All these things said to me that maybe writing fiction wasn’t what I was meant to do. Journalism was relatively fun and easy. Editing was fun and I loved working with writers and helping them get their best work across. Maybe this was where my energies lay.

But the dream of having my own book wouldn’t go away. I’d first decided I wanted to be a writer when I was 11 years old and despite the years of not really trying, it was a part of me. The move back to writing actually started when Cat Sparks posted a blog on regrets, mulling over it all as she worked her way into a new decade alive. 
 
It fired me up – I was a year and a half away from turning 40, and I thought I’d hate to reach that milestone and have regrets. So I made a list of things I wanted to do before I turned 40 and started working on it. 
 
With the idea of no regrets on my mind, I had a sudden realisation that I needed to re-focus on my dream of being a published novellist. I had a vision of myself on my deathbed and I just knew that I’d be devastated if I got to that point and thought ‘Maybe if I’d tried harder…’ 

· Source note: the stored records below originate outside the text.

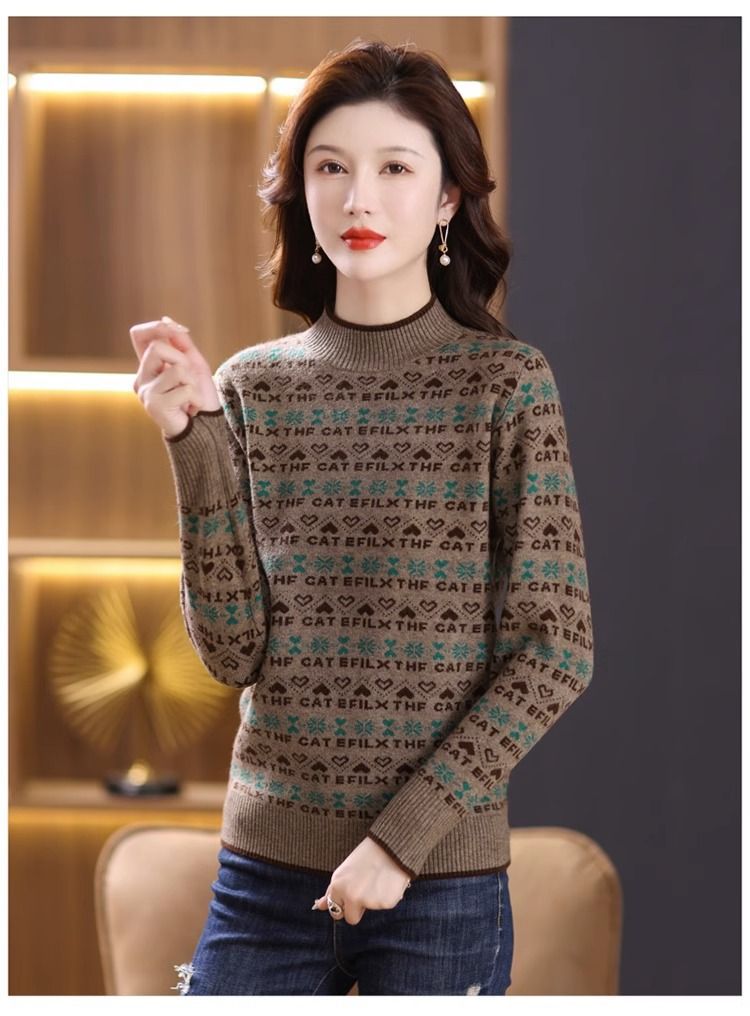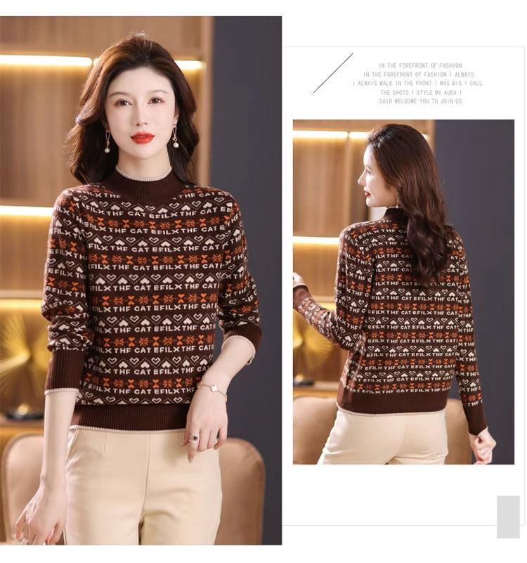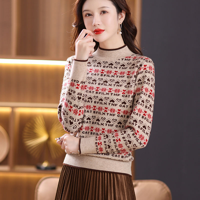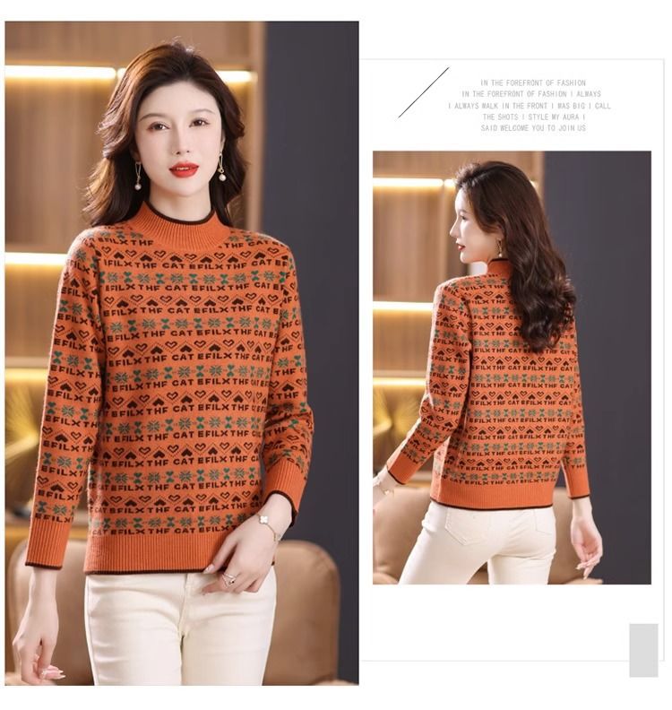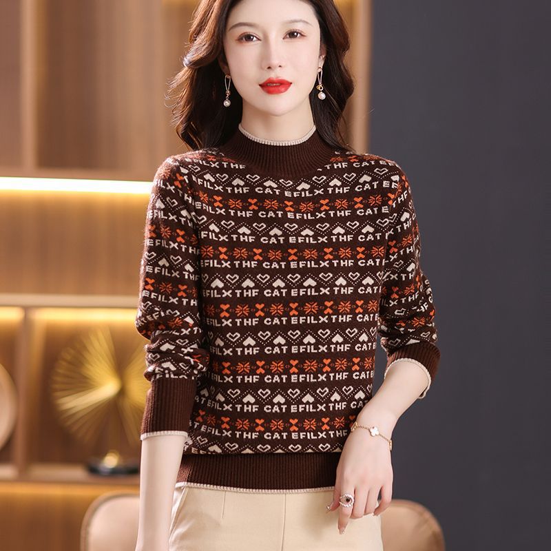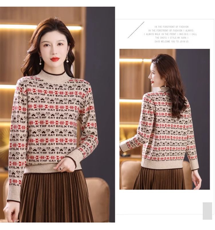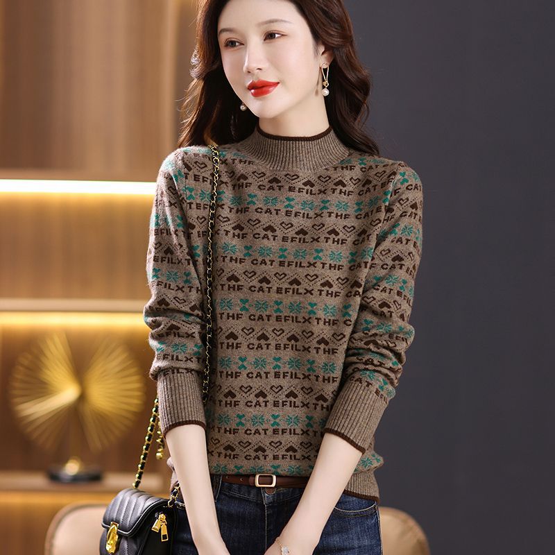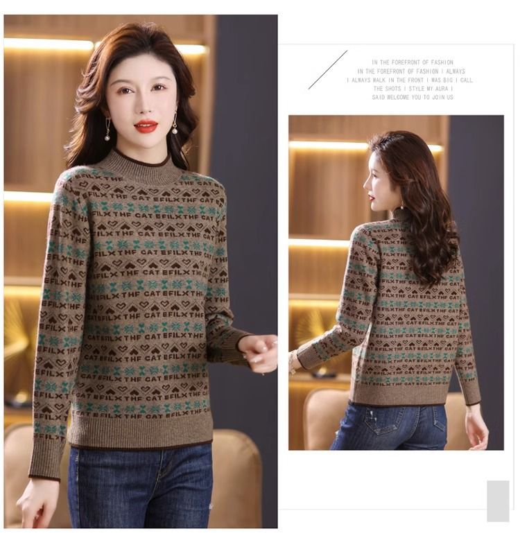 【양모】세련된 니트 스웨터, 하프 터틀넥 엄마 스웨터, 우아한 이너웨어, 울 베이스 레이어, 두꺼운 가을 겨울용스토어 가기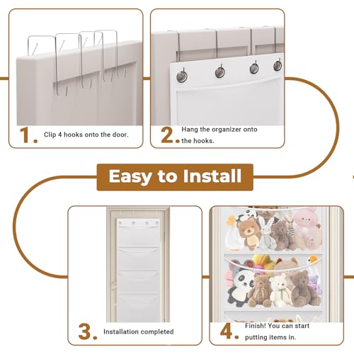 • Multi-Purpose – The door hanging storage can not only store plush toys, but also for organizing baby essentials, such as clothes, socks, shoes, towels, and other supplies. Its simple and adorable design makes it perfect for a child's room.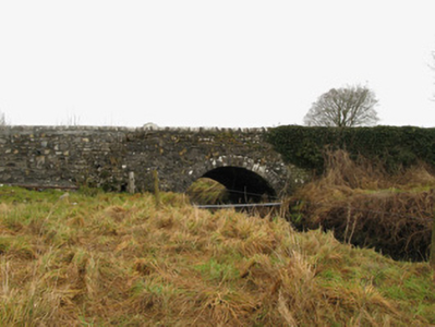 Single-arch road bridge over lough, extant 1894. Part ivy-covered walls with repointed lichen-covered hammered limestone rounded coping to parapets. Single segmental arch with repointed cut-limestone voussoirs. Sited spanning Ballyglass Lough with unkempt banks to lough.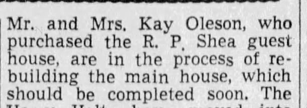 1949-1950 - The R. P. Shea House at 73-371 Pinyon Street, Palm Desert, California. Sold in 1950 to Kay Oleson. An August 1950 article documents that she lived in the property’s guest house while rebuilding the main residence. Property records indicate a renovation in 1951. The house retains the same footprint visible in a 1954 aerial photograph, the earliest known aerial image of the property. The home remains in the Oleson family and is owned by the son, Gary Oleson.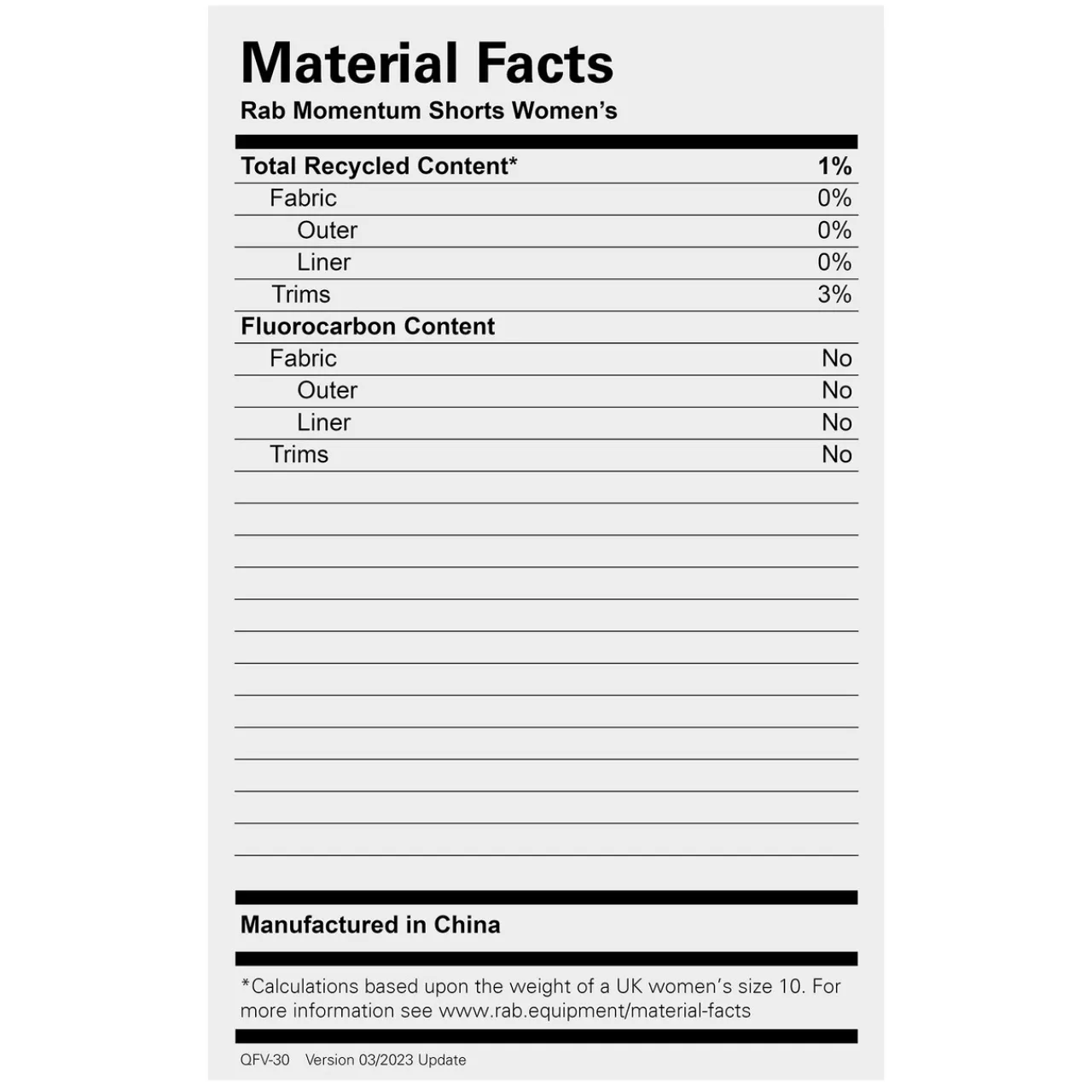 With stretch, mobility and high-performance fabric, the Momentum Shorts are built to keep you moving all day long no matter what terrain or conditions you encounter. Lightweight and fast drying the lightweight Matrix™ fabric with fluorocarbon-free DWR, offers wind and weather resistance, ideal for variable conditions. They have a comfortable, deep stretch waistband with a simple drawcord adjuster, two front hand pockets. Perfect for mountain trekking, hiking and general outdoor use.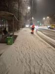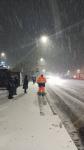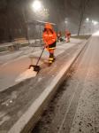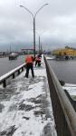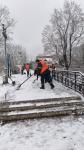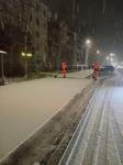 Специалисты с помощью техники, а также вручную убирают снег с проезжей части и тротуаров.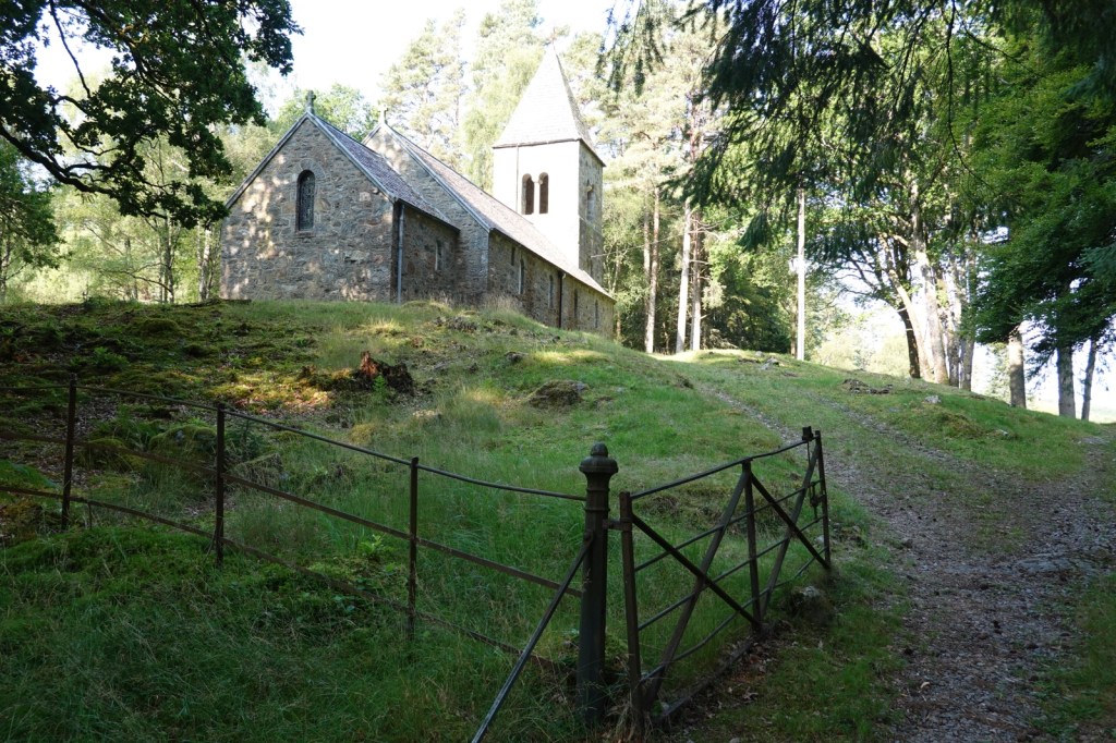 I walked along the shoreline pointing my little Sony camera at everything. The woodland was a delight, a mixture of copper beeches, sequoia (giant redwoods), oaks, rhododendron etc. I crossed the Allt Coire Choille-rais and then diverted into the woods to see St Ciaran’s church in Achnacarry. It was built in 1909 to serve the local community and is owned by a charity. Unlike almost all churches nowadays, the door is never locked so I went in, switched the lights on and soaked up the atmosphere. This part of Scotland is the homeland of the Cameron Clan and it wasn’t long before WW1 took its toll on the Camerons and others, as seen on the various memorials. Sadly the monthly service stopped in 2019 when attendance fell to zero and the charity’s funds are almost depleted. One wonders if there isn’t a modern day Cameron who might spare a few pounds to ensure its survival.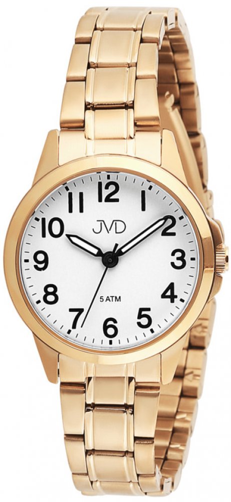 JVD analogové ocel elegantní dámské bateriové - quartz pro běžné použití (30–50 m) 28.0 mm ocel 50 m bateriové minerální bez osazení kulaté zlatá bílá s luminiscencí překlápěcí spona 1.4 cm na ruku japonské s arabskými číslicemi zlatá ocel 2.8 cm malé 14.0 mm s dočasným svícením (luminiscence/LED)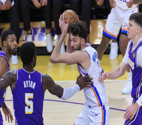 下半场易边再战,第三节上来雷霆又把分差拉开到了两位数,斯玛特三分止血,拉拉维亚三分再中,追到73-76只落后3分,雷霆暂停。回到比赛,湖人又是一波小高潮,一鼓作气成功反超队史7分8分。但雷霆并没有慌乱,而是稳扎稳打,一点点将分差抹平。里夫斯吃到技术犯规,卡鲁索顶着防守投进三分,三节结束湖人91-93落后2分。
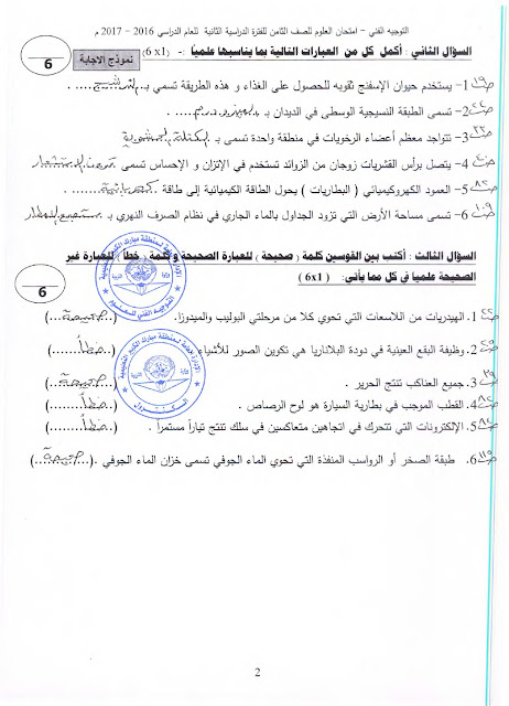 معلومات الملف: 6 اوراق في مادة العلوم للصف الثامن للفصل الدراسي الثاني يتضمن نموذج اجابة اختبار تابع للادارة العامة لمنطقة مبارك الكبير التعليمية المدة اللازمة ساعتين وربع | ||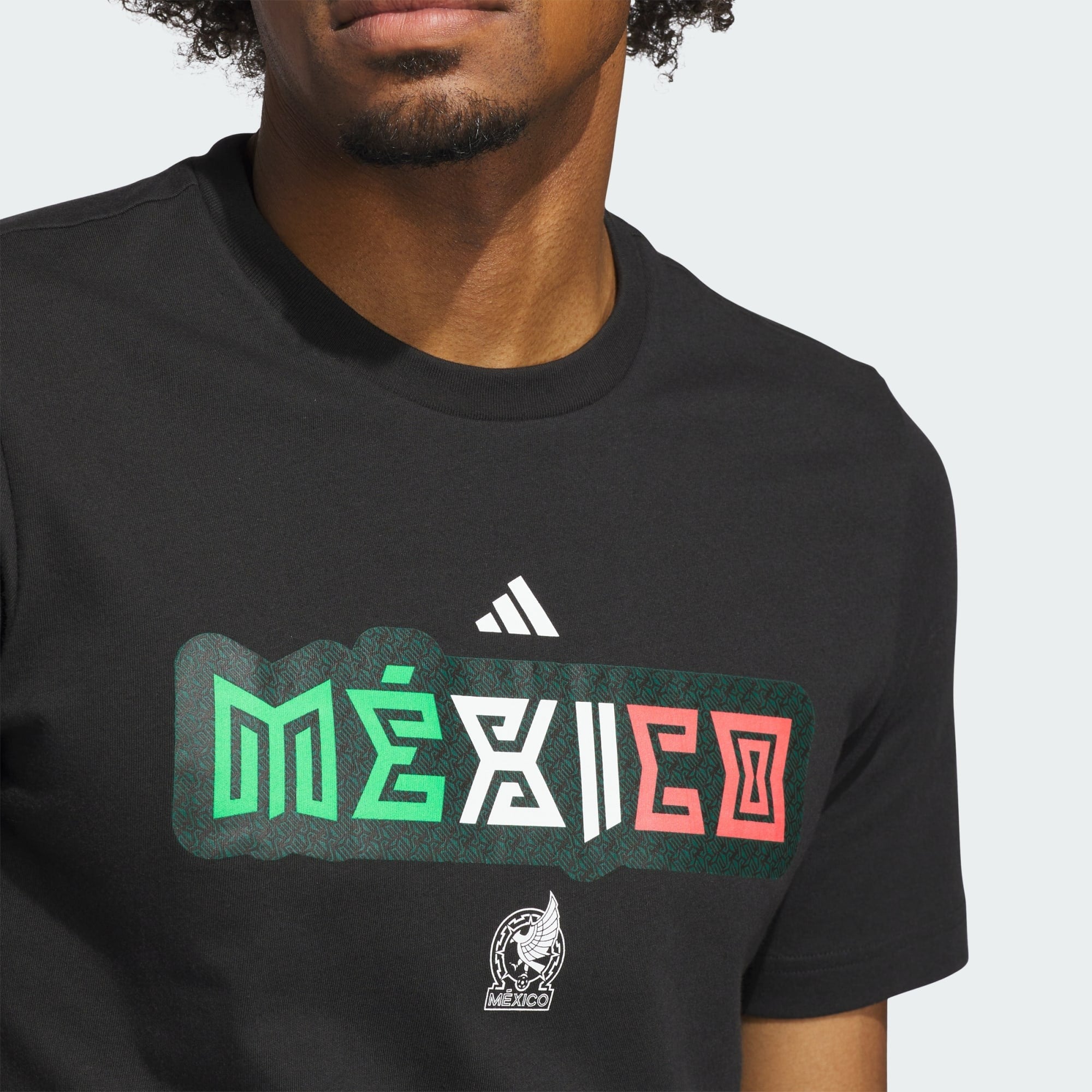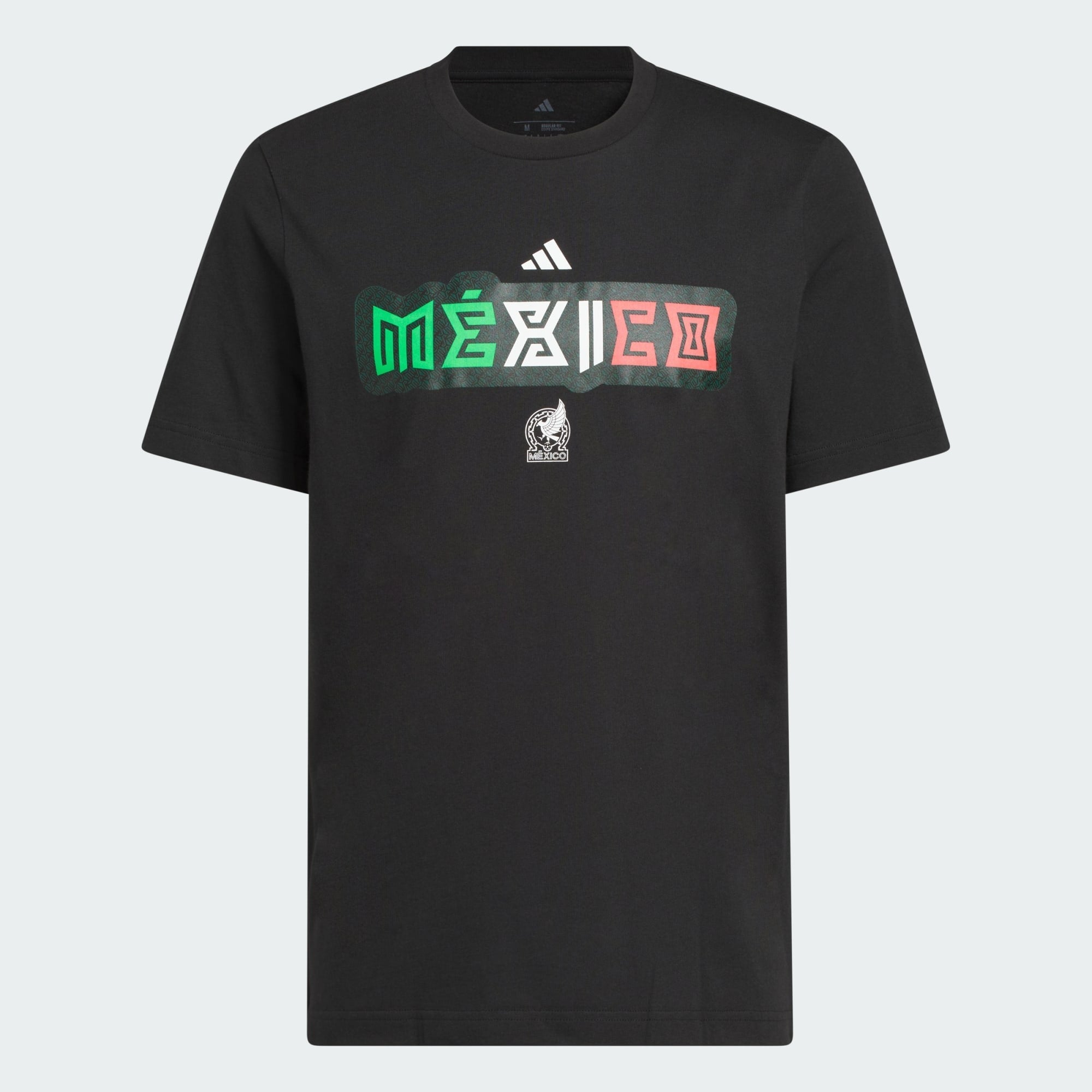 Celebrate the spirit of soccer with the World Cup 26 Mexico Home Graphic Tee. This tee is more than just a piece of clothing—it's a tribute to the passion and energy of the game. Crafted from soft, single jersey cotton, this piece offers a comfortable fit that feels great, whether you’re meeting up for a casual outing or cheering on Mexico in the World Cup. Designed with a regular fit, it provides a relaxed feel without compromising on style. The knit fabric provides breathability, making it great for warm days or layering under a jacket when the temperature drops. The bold Mexico graphic shows the world who you’re cheering for, while the adidas logo on the chest and on the left sleeve adds a touch of sporty flair. Whether you're watching the match or out with friends, this tee helps you stay stylish and comfortable. Embrace the game and show your support for Mexico with this iconic tee.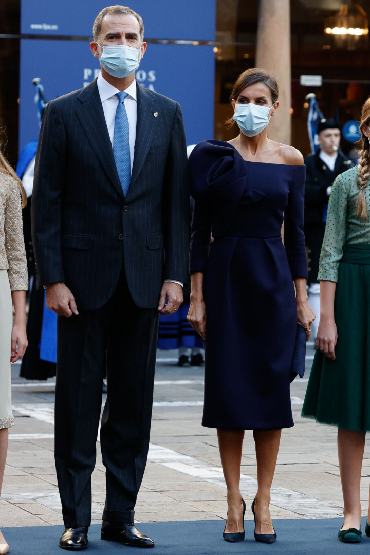 Para sus primeros Princesa de Asturias como reina, Letizia lució un vestido lápiz en tono azul con encaje de maya negro.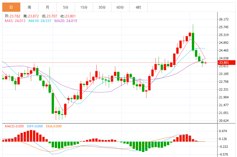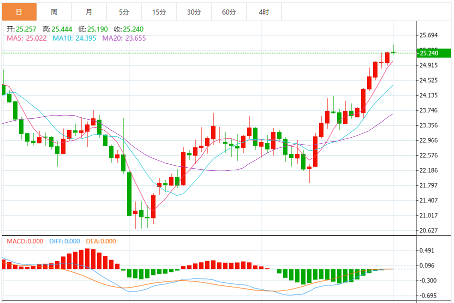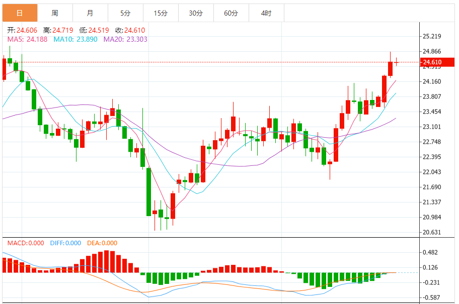 周四盘中,现货白银报25.051,涨幅0.22%。 今日分析:在24.80之上,看涨,目标价位为25.25,然后为25.45。 技术点评:24.80附近形成了一个支撑的底部,将带来走势短期内的稳定。 支撑位:24.8024.6524.50 阻力位:25.6025.4525.25 (亚汇网编辑:冰凡)

The rest is described in my answer to the previous question. I look back on that time now and I don’t regret it. I learned a lot from my time editing and being a journalist (and editing is something I hope to get back to) and it made me the writer I am today. 

The important thing is to recognise what you dream is, and then do what you can to make it happen. Recognise that it might not – my aim was just to give it all I had, so that at the end I couldn’t blame myself for not being published. 
 
So give it all you got, and know that that in itself is an incredible achievement.